▶ [TASK STATEMENT] Could you please write out each line of the records exactly, minus the pictures?

▶ [RECORD SET]
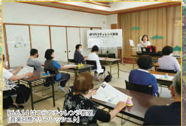
R6.6.14 はつらつチャレンジ教室 「音楽回想でリフレッシュ!」
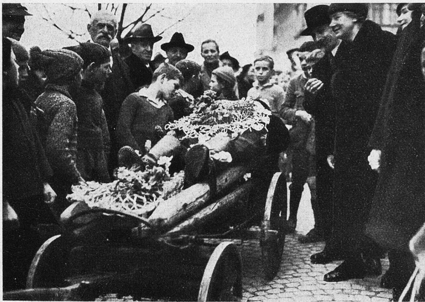
Die Verbrennung des „Gideo Hofenstoß“ in Herisau. Gideo Hofenstoß auf dem Totenwagen.

Einige Einzelbräuche, die im Mittelalter, zum Beispiel in kirchlichen Bräuchen, wurzeln, mögen auch erwähnt sein. Da gibt es einmal eine Weggen-spende an die Kinder an der alten Fastnacht in Oberstammheim, die aus einer alten Zehnten-spende des Klosters St. Gallen hervorgegangen ist. Rapperstwil hat eine ähnliche Kinderbescherung, das „Eis, zwei Geißbeißer“ am Fastnacht-Dienstag. Da werden von den Kindern Gaben am Rathaus ge-angelt, oder man wirft sie ihnen auch hinab. Der Ursprung dieses Brauches ist etwas unklar.
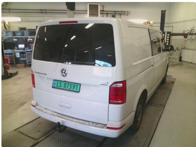
3.1 Diverse riper og steinsprut rundt på bilen
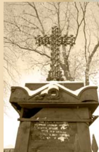
Nagrobek na cmentarzu w Myśliborzu koło Golicy
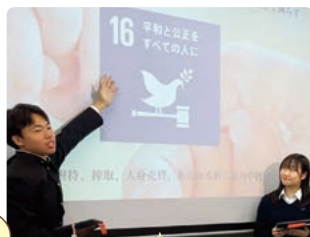
探究ゼミの成果発表

最初は何をしたら良いかわからず苦労しました。今は自分から発言し、意見交換などができています。
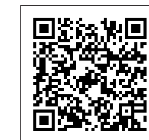
5. Khairi Jemli
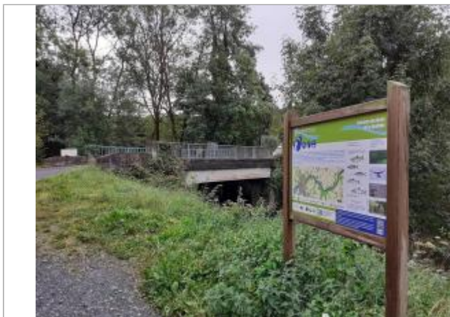
vue générale du site de la station hydrométrique de la Douffine
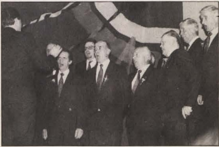
MoPZ „Foltej Hartman“
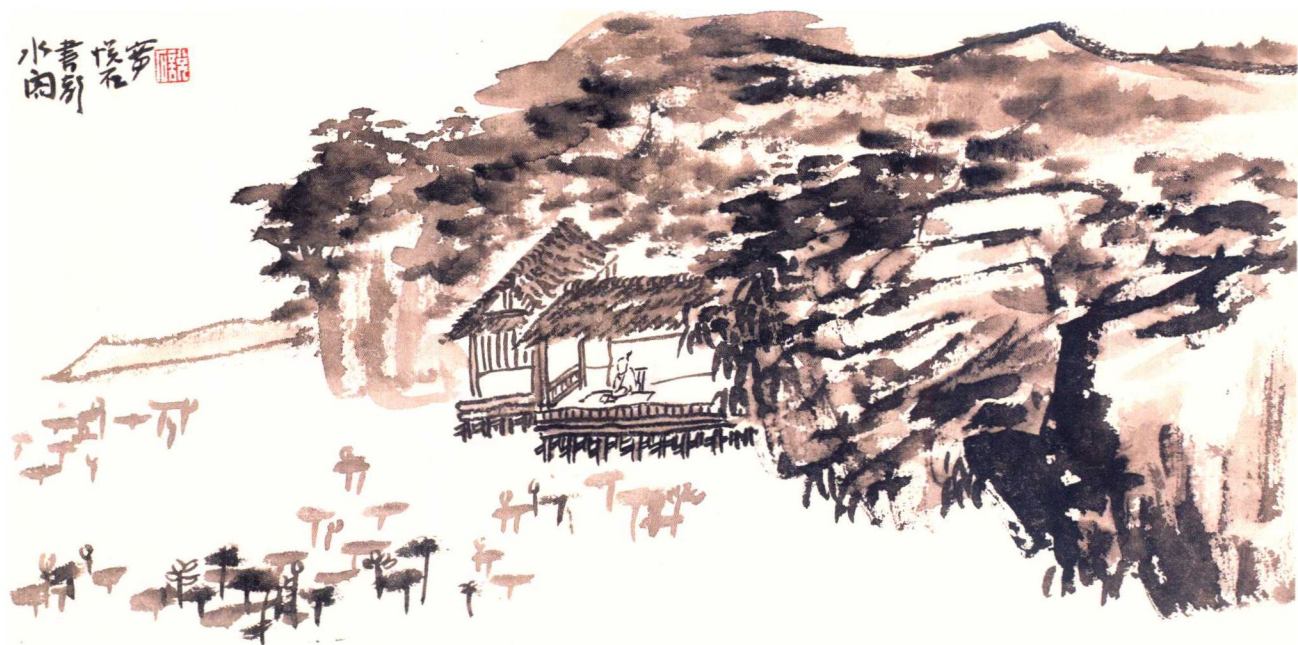
水閣書聲 16×32cm 紙本墨筆

缺漏，精研画理画法之外，结合自身实践，又录记大量心得体会，其文辞灿然，文章尤好。他深知“悟后便得是处”的道理，认为：“文以载道，画以辅道，大义微言，在识者之心胸。一画既成，本性如镜，万法如一，在识者明鉴。百年一瞬，过客如云，喧哗与寂寞唯余叹息。”“文章与绘事以风骨为重，以笔墨生发为本，万千变化，神鬼莫测，古往今来之大国手莫不如是……”并激励自我：“……今日之画学，方兴未艾，道路多歧，待吾辈努力不辍”，“体认之、领悟之、笃行之”，“余知其艰难，侧身其间，随其俯仰。”
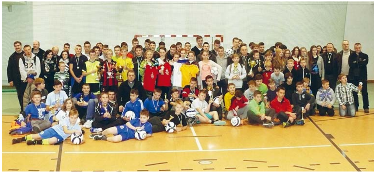
„Парафіяда” Вроцлавсько-Гданської єпархії.

Субота 13 грудня 2015 р. в Білому Борі минула під знаком греко-католицької „Парафіяди” Вроцлавсько-Гданської єпархії. Відбулися тут XIII Футбольні змагання з міні-футболу для хлопців та дівчат. Одночасно були проведені змагання в настільному тенісі. Змагання проведено для дітей та молоді з кошалінського та слупського деканатів. У змаганнях взяло участь 14 команд у двох категоріях: молодшій та старшій.
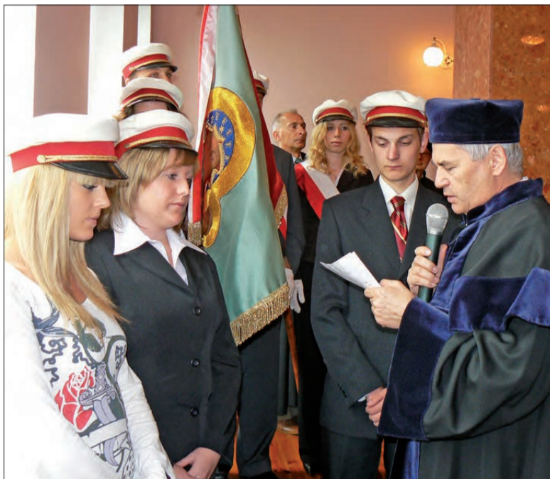
Coraz mniej licznie studenckie czapki prezentują się na kolejnych inauguracjach roku akademickiego w MWSH-P.

bie dziennym, jak i zaocznym, pedagogika opiekuńczo-wychowawcza i doradztwo zawodowe również w trybie dziennym i zaocznym, pedagogika resocjalizacyjna i terapia pedagogiczna także w obu trybach,
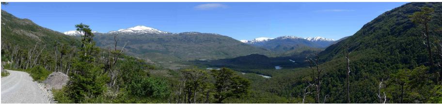
Regenwald und Gletscher
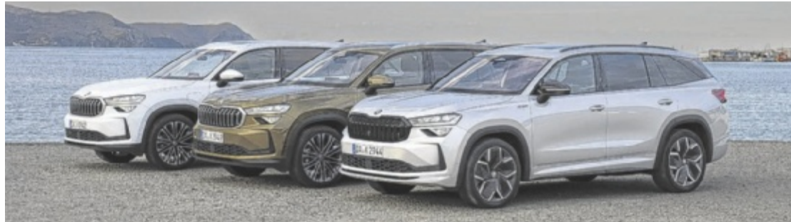
Škoda Kodiaq: viel Raum, Effizienz und Innovation

Škoda bietet den Kodiaq mit einer breiten Motorenpalette an: zwei Benziner, zwei Diesel und erstmals ein Plug-in-Hybrid. Der Hybridantrieb kombiniert einen 1,5-TSI-Benziner mit einem Elektromotor, erreicht eine Systemleistung von 150 kW (204 PS) und ermöglicht
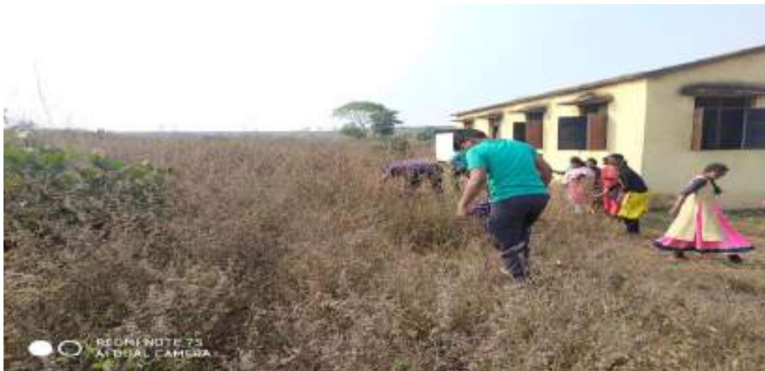
Photograph of Cleaning and drainage camp,date 31/01/ 2020
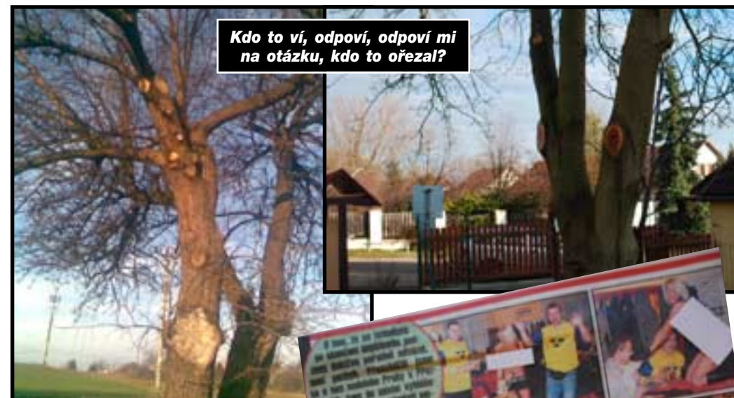
Kdo to ví, odpoví, odpoví mi na otázku, kdo to ořezal?
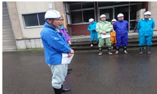
▲開会で挨拶する長内事務所長
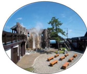
しかべ間歇泉 ＜鹿部町・第3回選定＞
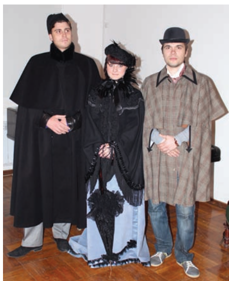
Посетители исторического фотоателье (2011 г.)
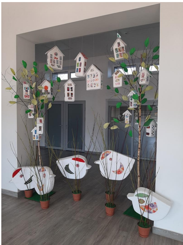
Στην είσοδο του σχολείου
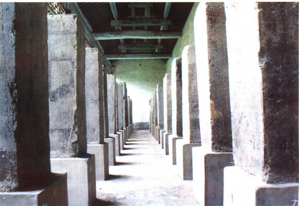
山西太原风洞石经
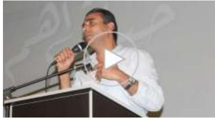
بعد ان فقدت تسعة من أبنائها في حوادث العمل، يافة الناصرة تعقد مؤتمرا بعنوان حياتي اهم (/Article-1387008/)
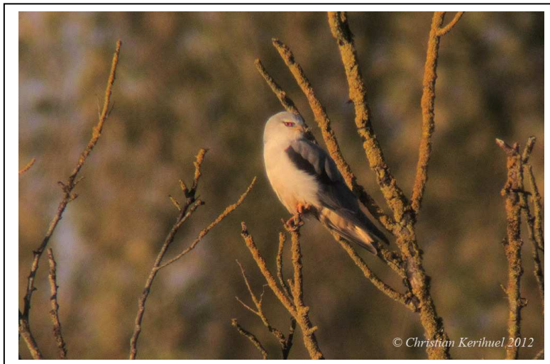
Elanion blanc, adulte, Beaumont Pied de Boeuf (Mayenne), 3 novembre, (C. Kerihuel)

Les oiseaux rares dans le Maine (Mayenne et Sarthe) en 2012
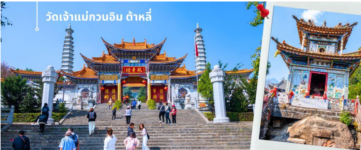
วัดเจ้าแม่กวนอิม ต้าหลี่

นำท่านชม วัดเจ้าแม่กวนอิม (ใช้เวลาเดินทาง 30 นาที) ตามตำนานเล่าว่าเจ้าแม่กวนอิมได้แปลงกายเป็นหญิงชราแบกก้อนหินใหญ่ไว้บนหลังเพื่อให้ทารกของฝ่ายตรงข้ามได้เห็นเมื่อทารกฝ่ายศัตรูได้เห็นว่ามีแม่แต่หญิงชรายังแข็งแรงถึงเพียงนี้ ถ้าเป็นคนวัยหนุ่มสาวจะต้องมีพลังกำลังมากมายยากที่จะต่อสู้อ จึงทำให้ไม่ทำการเข้าโจมตีเมืองและถอยทัพกลับไป ชาวเมืองจึงสร้างวัดแห่งนี้ขึ้นในสมัยราชวงศ์ถัง ซึ่งถือว่าเป็นวัดที่มีประติมากรรมยอดเยี่ยมแห่งหนึ่งในต้าหลี่ จากนั้นผ่านชม เจดีย์สามองค์ สัญลักษณ์ของเมืองต้าหลี่ ตั้งอยู่ใน วัดฉงเซี่ยง (Chongsheng Temple) วัดเก่าแก่ที่สร้างขึ้นเมื่อศตวรรษที่ 9 นับว่าเป็นหนึ่งในเจดีย์ที่สูงที่สุดในประเทศจีน
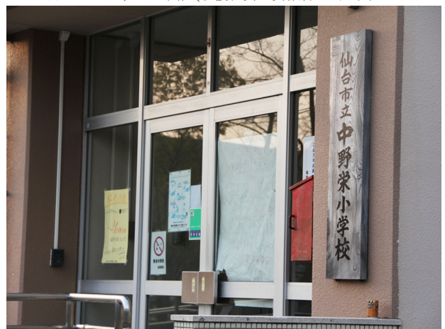
▲3月19日pm. 2:30頃に仙台市立中野栄小学校に到着
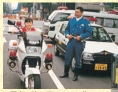
※写真は第15回てんてん祭

※大観音寺境内において、中央区社会福祉協議会「さわやかワーク中央」による、障害を持ちながらも自立や社会参加を目指している方々の自主製作品の展示販売を行います。（午後12時30分より）
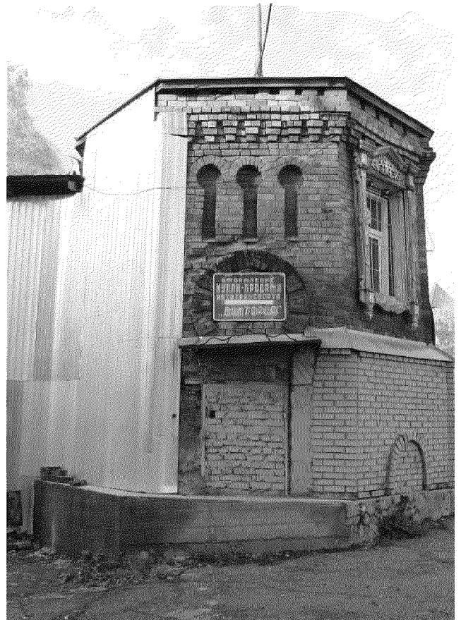
Видовая точка № 6. Южный фасад (Олейник А.Ю., 2018 г.)
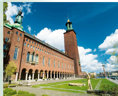
Gradska vijećnica u Stockholmu

Stockholm ima najdužu umjetničku galeriju na svijetu?
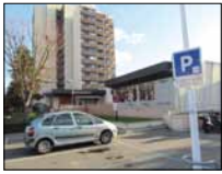
Le point sur les zones bleues

▶ [ANSWER AREA]
R6.6.14 はつらつチャレンジ教室 「音楽回想でリフレッシュ!」
Die Verbrennung des „Gideo Hofenstoß“ in Herisau. Gideo Hofenstoß auf dem Totenwagen.

Einige Einzelbräuche, die im Mittelalter, zum Beispiel in kirchlichen Bräuchen, wurzeln, mögen auch erwähnt sein. Da gibt es einmal eine Weggen-spende an die Kinder an der alten Fastnacht in Oberstammheim, die aus einer alten Zehnten-spende des Klosters St. Gallen hervorgegangen ist. Rapperstwil hat eine ähnliche Kinderbescherung, das „Eis, zwei Geißbeißer“ am Fastnacht-Dienstag. Da werden von den Kindern Gaben am Rathaus ge-angelt, oder man wirft sie ihnen auch hinab. Der Ursprung dieses Brauches ist etwas unklar.
3.1 Diverse riper og steinsprut rundt på bilen
Nagrobek na cmentarzu w Myśliborzu koło Golicy
探究ゼミの成果発表

最初は何をしたら良いかわからず苦労しました。今は自分から発言し、意見交換などができています。
5. Khairi Jemli
vue générale du site de la station hydrométrique de la Douffine
MoPZ „Foltej Hartman“
水閣書聲 16×32cm 紙本墨筆

缺漏，精研画理画法之外，结合自身实践，又录记大量心得体会，其文辞灿然，文章尤好。他深知“悟后便得是处”的道理，认为：“文以载道，画以辅道，大义微言，在识者之心胸。一画既成，本性如镜，万法如一，在识者明鉴。百年一瞬，过客如云，喧哗与寂寞唯余叹息。”“文章与绘事以风骨为重，以笔墨生发为本，万千变化，神鬼莫测，古往今来之大国手莫不如是……”并激励自我：“……今日之画学，方兴未艾，道路多歧，待吾辈努力不辍”，“体认之、领悟之、笃行之”，“余知其艰难，侧身其间，随其俯仰。”
„Парафіяда” Вроцлавсько-Гданської єпархії.

Субота 13 грудня 2015 р. в Білому Борі минула під знаком греко-католицької „Парафіяди” Вроцлавсько-Гданської єпархії. Відбулися тут XIII Футбольні змагання з міні-футболу для хлопців та дівчат. Одночасно були проведені змагання в настільному тенісі. Змагання проведено для дітей та молоді з кошалінського та слупського деканатів. У змаганнях взяло участь 14 команд у двох категоріях: молодшій та старшій.
Coraz mniej licznie studenckie czapki prezentują się na kolejnych inauguracjach roku akademickiego w MWSH-P.

bie dziennym, jak i zaocznym, pedagogika opiekuńczo-wychowawcza i doradztwo zawodowe również w trybie dziennym i zaocznym, pedagogika resocjalizacyjna i terapia pedagogiczna także w obu trybach,
Regenwald und Gletscher
Škoda Kodiaq: viel Raum, Effizienz und Innovation

Škoda bietet den Kodiaq mit einer breiten Motorenpalette an: zwei Benziner, zwei Diesel und erstmals ein Plug-in-Hybrid. Der Hybridantrieb kombiniert einen 1,5-TSI-Benziner mit einem Elektromotor, erreicht eine Systemleistung von 150 kW (204 PS) und ermöglicht
Photograph of Cleaning and drainage camp,date 31/01/ 2020
Kdo to ví, odpoví, odpoví mi na otázku, kdo to ořezal?
▲開会で挨拶する長内事務所長
しかべ間歇泉 ＜鹿部町・第3回選定＞
Посетители исторического фотоателье (2011 г.)
Στην είσοδο του σχολείου
山西太原风洞石经
بعد ان فقدت تسعة من أبنائها في حوادث العمل، يافة الناصرة تعقد مؤتمرا بعنوان حياتي اهم (/Article-1387008/)
Elanion blanc, adulte, Beaumont Pied de Boeuf (Mayenne), 3 novembre, (C. Kerihuel)

Les oiseaux rares dans le Maine (Mayenne et Sarthe) en 2012
วัดเจ้าแม่กวนอิม ต้าหลี่

นำท่านชม วัดเจ้าแม่กวนอิม (ใช้เวลาเดินทาง 30 นาที) ตามตำนานเล่าว่าเจ้าแม่กวนอิมได้แปลงกายเป็นหญิงชราแบกก้อนหินใหญ่ไว้บนหลังเพื่อให้ทารกของฝ่ายตรงข้ามได้เห็นเมื่อทารกฝ่ายศัตรูได้เห็นว่ามีแม่แต่หญิงชรายังแข็งแรงถึงเพียงนี้ ถ้าเป็นคนวัยหนุ่มสาวจะต้องมีพลังกำลังมากมายยากที่จะต่อสู้อ จึงทำให้ไม่ทำการเข้าโจมตีเมืองและถอยทัพกลับไป ชาวเมืองจึงสร้างวัดแห่งนี้ขึ้นในสมัยราชวงศ์ถัง ซึ่งถือว่าเป็นวัดที่มีประติมากรรมยอดเยี่ยมแห่งหนึ่งในต้าหลี่ จากนั้นผ่านชม เจดีย์สามองค์ สัญลักษณ์ของเมืองต้าหลี่ ตั้งอยู่ใน วัดฉงเซี่ยง (Chongsheng Temple) วัดเก่าแก่ที่สร้างขึ้นเมื่อศตวรรษที่ 9 นับว่าเป็นหนึ่งในเจดีย์ที่สูงที่สุดในประเทศจีน
▲3月19日pm. 2:30頃に仙台市立中野栄小学校に到着
※写真は第15回てんてん祭

※大観音寺境内において、中央区社会福祉協議会「さわやかワーク中央」による、障害を持ちながらも自立や社会参加を目指している方々の自主製作品の展示販売を行います。（午後12時30分より）
Видовая точка № 6. Южный фасад (Олейник А.Ю., 2018 г.)
Gradska vijećnica u Stockholmu

Stockholm ima najdužu umjetničku galeriju na svijetu?
Le point sur les zones bleues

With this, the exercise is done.